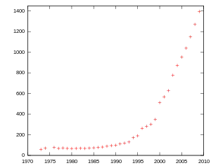 Early on, the organization had ambitious plans for building a temple, getting a burial ground, and dividing the land into goðorð, led by individual goðar (a nomenclature borrowed from the political system of the Icelandic Commonwealth).[32] However, membership in the organization did not increase as quickly as these goals would have necessitated. In 1973 Ásatrúarfélagið had 58 registered members, in 1974 it had 70 and in 1976 it had 77. As its leaders realized that the organization's more ambitious goals could not be quickly achieved, the society settled down to a low level of activity.[32][33] In 1983 a blót had not been held for three years, but one was arranged to provide the makers of a documentary with material.[34][35]
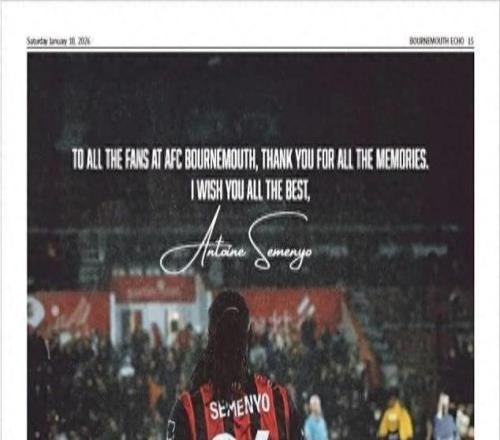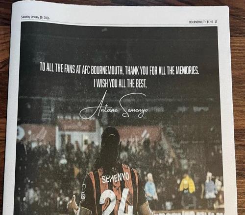 塞梅尼奥6250万英镑转会曼城,买下整版报纸致谢伯恩茅斯球迷
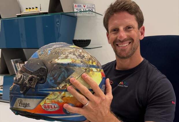 Бывший гонщик Формулы 1 Ромен Грожан спустя почти пять лет после страшной аварии на Гран При Бахрейна 2020 года, когда француз на первом круге врезался в отбойник, из-за чего машина разбилась надвое и загорелась, получил шлем, который был на нём в тот момент.
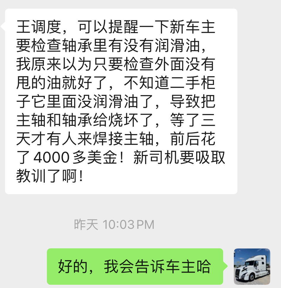 贴个这个警示纸在卡车里,一定注意倒车下车多看看。大多事故都在货场与修息站。
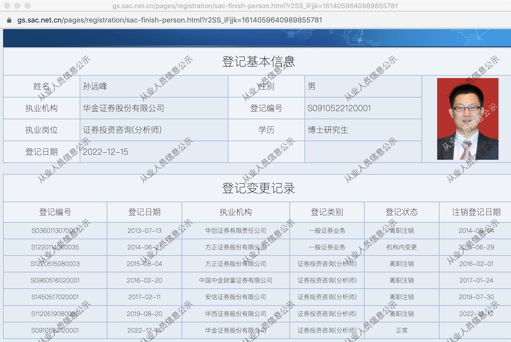 目前,孙远峰在中证协的登记信息暂未变更。据行业内部人士透露,孙远峰刚刚向华金证券提请离职,相关流程待进一步落实。
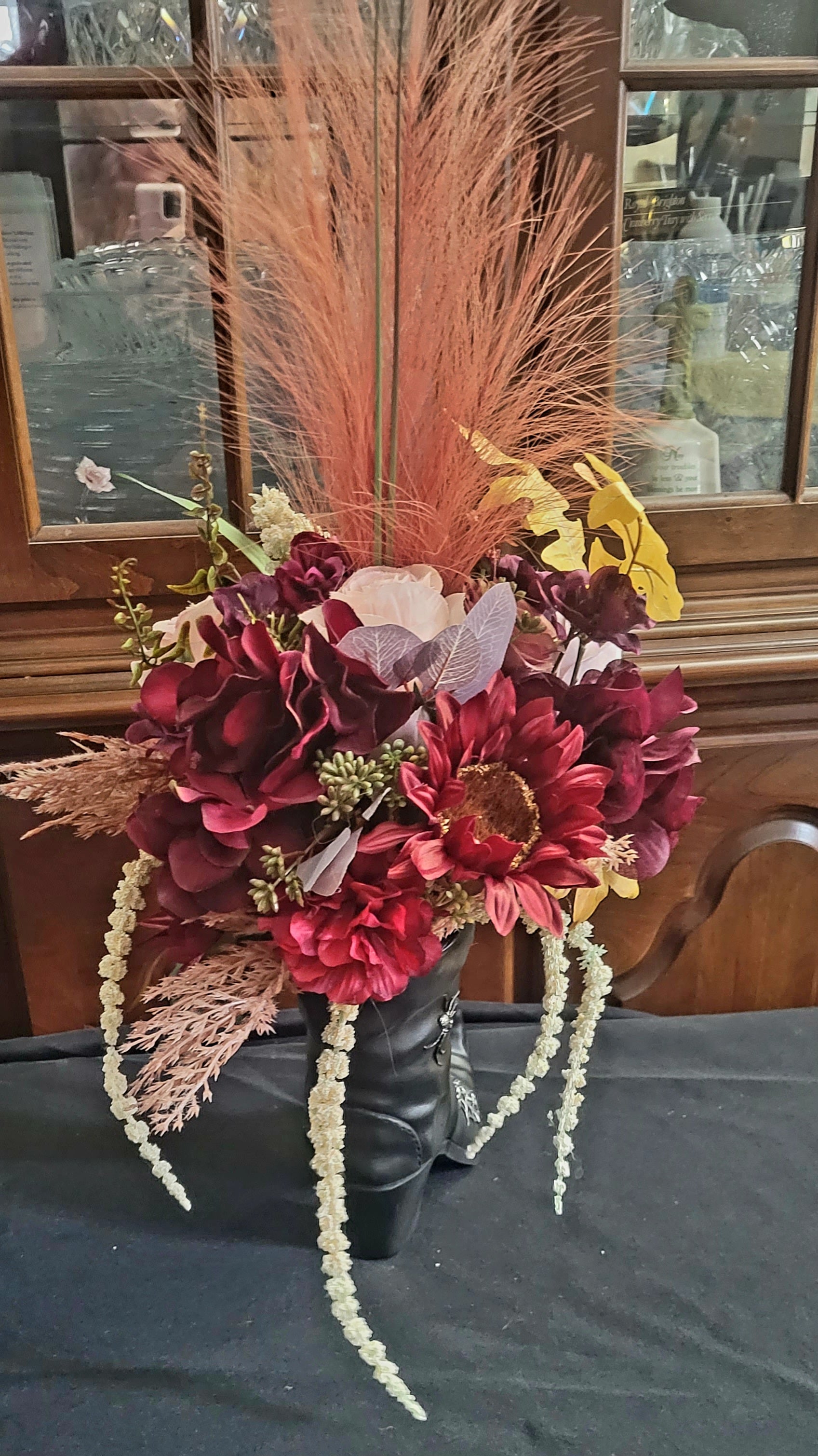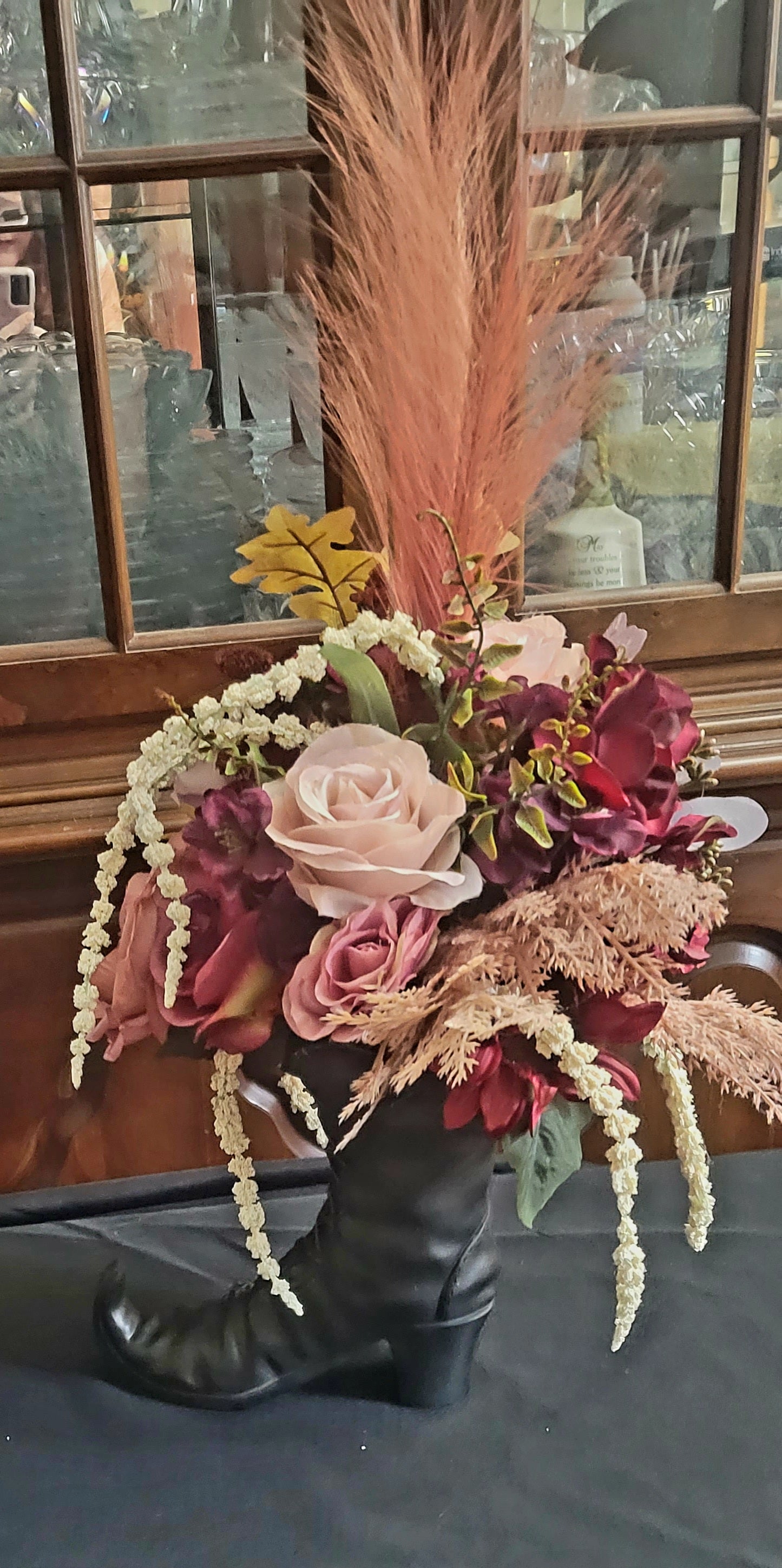 Dimensions: Boot measures 8.5 inches in length, 3.5 inches in width, and 9 inches in height. With the floral arrangement, the height is 20 inches, and the floral width is 12 inches.
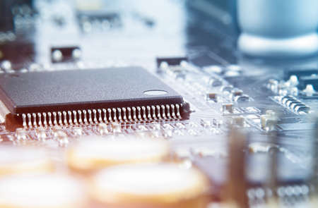 Circuit board close-up. Technology background. Motherboard digital chip.
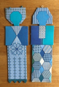 Wat ik probeer en dat lukt vaak ook is om mijn eigen idee uit te werken. Toch is de productie niet zo groot. Er zit meer in mijn hoofd dan er uit mijn handen komt. Ook is het formaat kleiner want dat is beter te hanteren onder mijn eigen naaimachine. Dat vind ik prettig want ik kan beter overzien waar ik mee bezig ben en de kans dat ik iets af maak is groter.
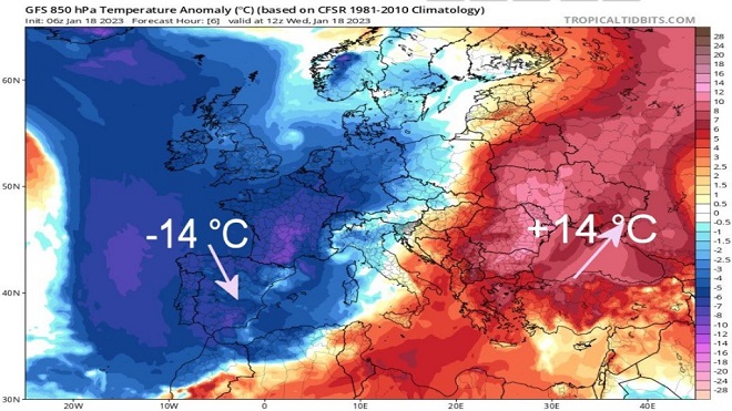 Ήδη οι θερμοκρασίες στις κατώτερες στάθμες της ατμόσφαιρας (στη στάθμη των 850 hPa) βρίσκονται κατά 8 έως 14 βαθμούς κάτω από τα συνήθη επίπεδα, σε Ισπανία και Νότια Γαλλία, ενώ στον αντίποδα βρίσκονται οι χώρες της ανατολικής Ευρώπης, όπου τοπικά οι θερμοκρασίες βρίσκονται κατά 10 με 14 βαθμούς πάνω από τις συνηθισμένες για την εποχή τιμές.
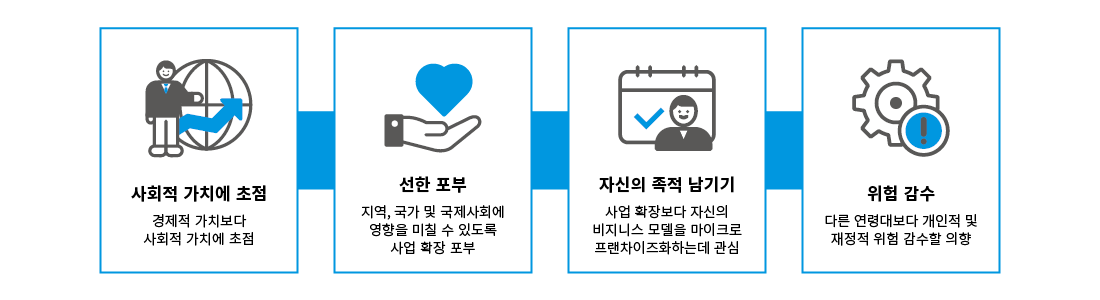 50+사회적 기업가들은 젊은 사회적 기업가들과 달리 상업적 성격의 비즈니스 모델보다는 자선적(박애주의적)인 비즈니스 모델을 지향한다. 사업을 확장하기 위해 사업 능력을 개발하는 것보다 다른 사람들이 그들의 비즈니스 모델을 모방하고 복제하여 동일한 형태의 사업이 확대되는 것에 더 관심이 있다.
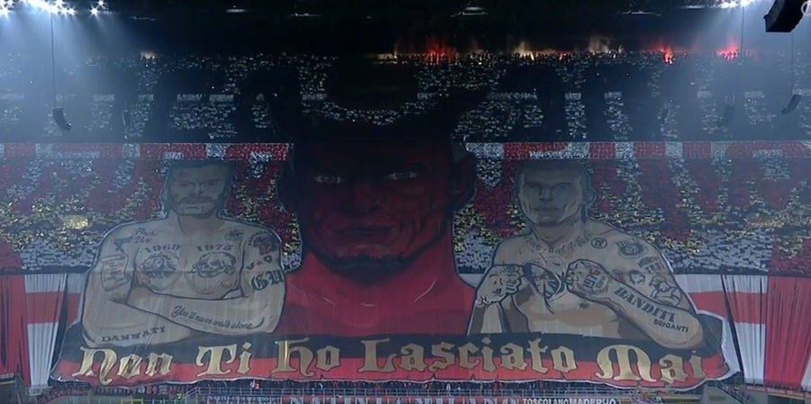 Scenografie în Curva Sud a tifosilor rossoneri într-un derby Inter – AC Milan
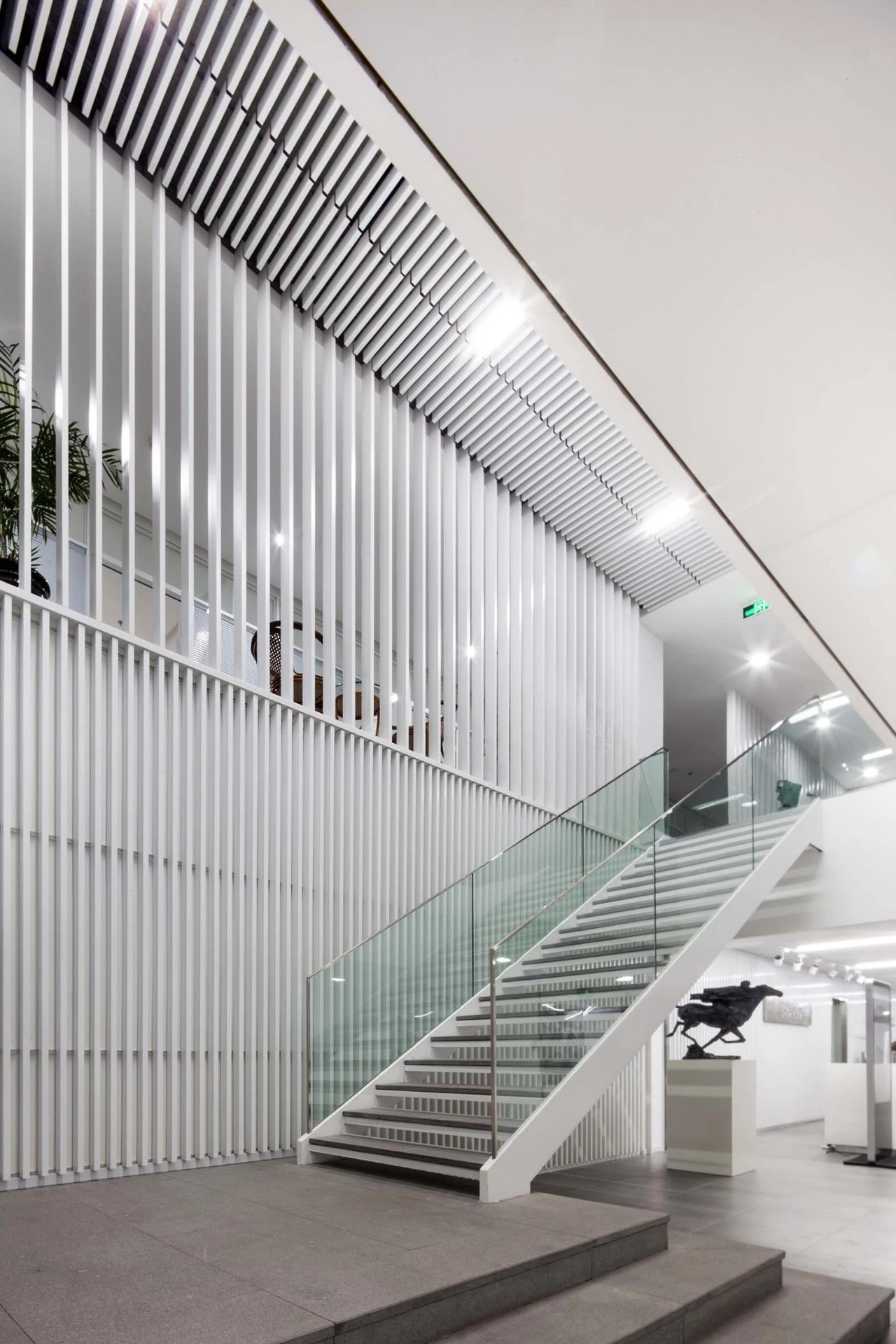 设计依据办公性质的需求,将空间合理划分为会议区,独立办公区和开敞办公区,占据两层的办公空间以一部现代感十足的白色钢梯连接,空间通透,实现了上下空间的渗透和延续,体现了企业开放和包容的设计情怀。

*Activity*:
In the listing above, find the line containing "Scenografie în Curva" and restate it and every later line verbatim, with the pictures left out.

*Response to this exercise*:
 Scenografie în Curva Sud a tifosilor rossoneri într-un derby Inter – AC Milan
 设计依据办公性质的需求,将空间合理划分为会议区,独立办公区和开敞办公区,占据两层的办公空间以一部现代感十足的白色钢梯连接,空间通透,实现了上下空间的渗透和延续,体现了企业开放和包容的设计情怀。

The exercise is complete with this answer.